このページの本文へ

「ライブ配信メディア完全解剖 〜過去と今、そして未来へ〜」第97回

ライブ配信の機材コストは15万円弱 パソコンなど必要なものの選び方

2018年06月14日 19時00分更新

文● ノダタケオ(Twitter:@noda

  • この記事をはてなブックマークに追加
  • 本文印刷

 この連載第90回から第93回、そして第95回記事では商品やサービスのプロモーションを目的に企業がライブ配信を活用して「自社(自分たち)でイチから作りたい(立ち上げたい)」ときの機材選びをどのようにしたらいいのか、を具体的な機材も含めて紹介しました。

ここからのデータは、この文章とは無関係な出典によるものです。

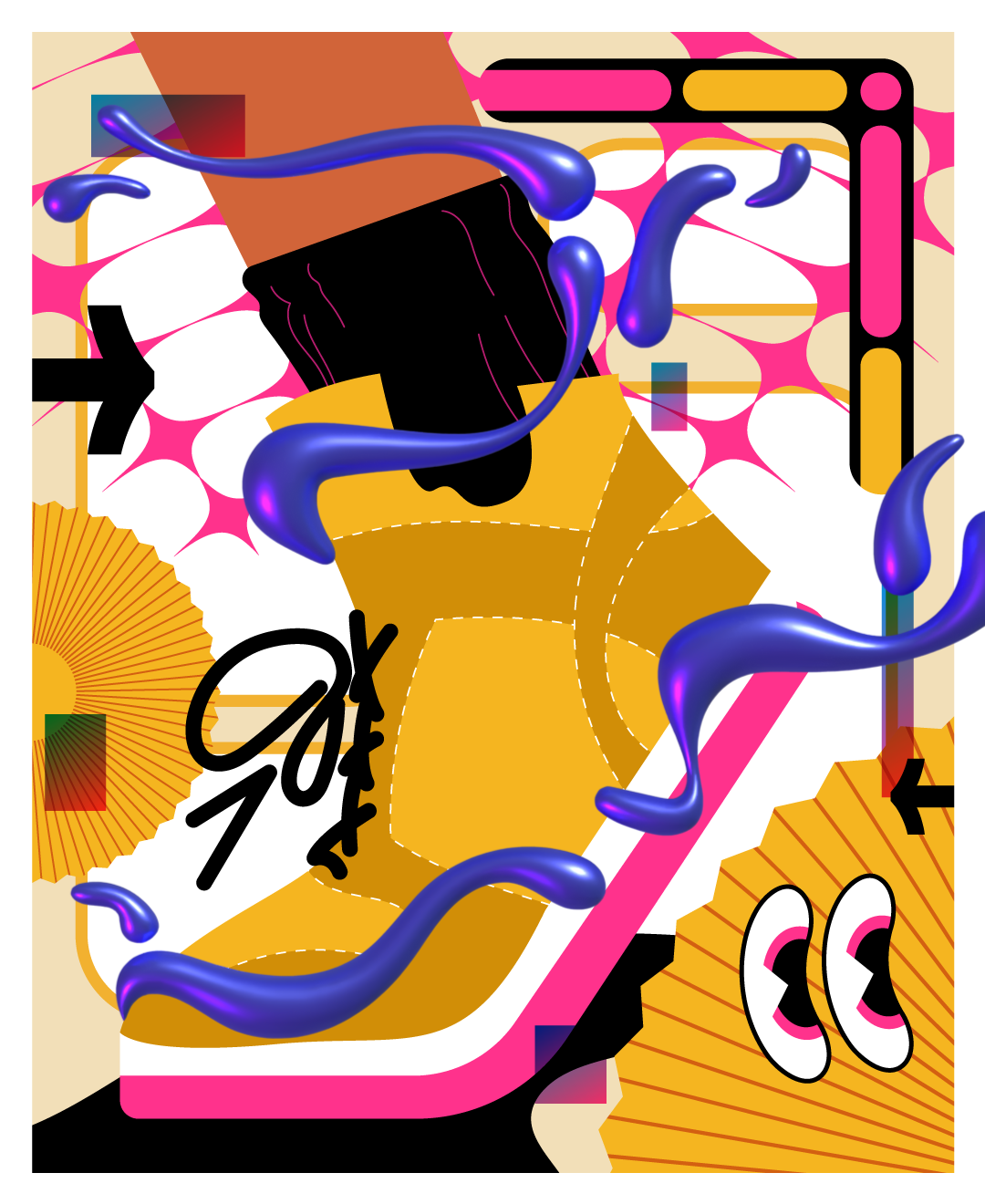 Illustration style experiment with patterns and layouts.

 一方、個人のライブ配信はスマートフォン一台で手軽にできるものになりました。ほとんどはスマートフォンを目の前におき、イヤホンマイクを使ったスタイルが一般的です。ただ、第28回や第29回記事でもお話したように、スマートフォン一台でライブ配信が手軽になった一方で、機能的な制約も多くあります。そのため、スマートフォンだけによるライブ配信では「できないこと」や「不自由すること」も多いです。

 その代表例は「マイクの音質をもう少し良いものにしたい」「リバーブのようなサウンドエフェクトを使いたい」「撮影をした動画を再生して見せたい」といったものなど。スマホでのライブ配信のクオリティーをさらに向上させて「ちょっと凝った」もしくは「作り込まれた演出」を見せたいと考える人もいるのではないでしょうか。

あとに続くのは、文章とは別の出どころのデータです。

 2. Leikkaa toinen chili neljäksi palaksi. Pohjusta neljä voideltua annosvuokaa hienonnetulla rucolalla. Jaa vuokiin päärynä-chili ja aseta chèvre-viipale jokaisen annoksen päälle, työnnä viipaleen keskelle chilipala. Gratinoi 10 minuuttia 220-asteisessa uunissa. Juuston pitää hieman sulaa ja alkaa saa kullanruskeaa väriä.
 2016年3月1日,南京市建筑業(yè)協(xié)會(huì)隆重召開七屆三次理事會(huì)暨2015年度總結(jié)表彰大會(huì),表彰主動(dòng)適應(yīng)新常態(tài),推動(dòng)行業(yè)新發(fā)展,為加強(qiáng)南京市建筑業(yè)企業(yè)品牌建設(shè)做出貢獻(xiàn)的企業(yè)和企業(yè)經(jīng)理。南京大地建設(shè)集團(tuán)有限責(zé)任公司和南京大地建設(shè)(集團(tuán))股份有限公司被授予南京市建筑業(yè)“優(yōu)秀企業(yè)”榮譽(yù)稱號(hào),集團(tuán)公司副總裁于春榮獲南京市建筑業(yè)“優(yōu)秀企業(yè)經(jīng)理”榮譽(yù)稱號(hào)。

 とくに、音楽の弾き語りをしたいアーティストの人であったり、いま人気のゲーム実況ジャンルのライブ配信をしたい人だったりすると思います。こうした人たちは、スマホ単体ではなく、パソコンを使ってのライブ配信の必要性に迫られることが多いのかもしれません。さらに言えば、雑談ジャンルのライブ配信をする人も、ラジオやテレビの放送局に似たような「なんちゃって放送局」のようなものを実現したい人もいるでしょう。

 そんな、個人でライブ配信をしたい人が「機材選びをどのようにしたら良いのか」を複数回にわたり紹介していきます。

どのようなジャンルのライブ配信をしたいかが機材選びのポイントに

 第90回記事で「機材を選ぶときには目標とするライブ配信のコンテンツ(内容)はどのようなものなのかを考える必要」であることを挙げていますが、これは企業のライブ配信でも個人のライブ配信でも同じことが言えます。「コレと似た感じのコンテンツ(内容)にしたい!」という目標となるコンテンツが具体的にあると、必要なライブ配信の機材(とくに、個人のライブ配信の場合は「配信用のパソコンスペック」)が決まってくるからです。

 今回は、モデルケースを下記のようなものと前提として、これから個人でライブ配信をするために新しいパソコンを買い直したり、カメラやマイクなどその他の機材を追加で買ったりするなら、という状況であることを前提として話を進めていきます。

・いわゆる「雑談」ジャンルの個人のライブ配信
・配信場所は自宅の一室(外での配信はしない)
・ひとつのプラットフォームでライブ配信
・配信を始める時にオープニングムービー流したい
・カメラはパソコン内蔵ではなく、外付けにして少し高画質で自分を映したい
・スマートフォンに入れてある音楽をBGMとして流したい
・ちょっと良いマイクを使って、なるべく高音質にしたい

この連載の記事
ASCII倶楽部にて、週刊アスキーの人気ルポ漫画『カオスだもんね!PLUS』が、まとめて読める新コンテンツがついに配信開始!

週間ランキングTOP5

ASCII倶楽部会員によく見られてる記事はコレだ!

ASCII倶楽部の新着記事

会員専用動画の紹介も!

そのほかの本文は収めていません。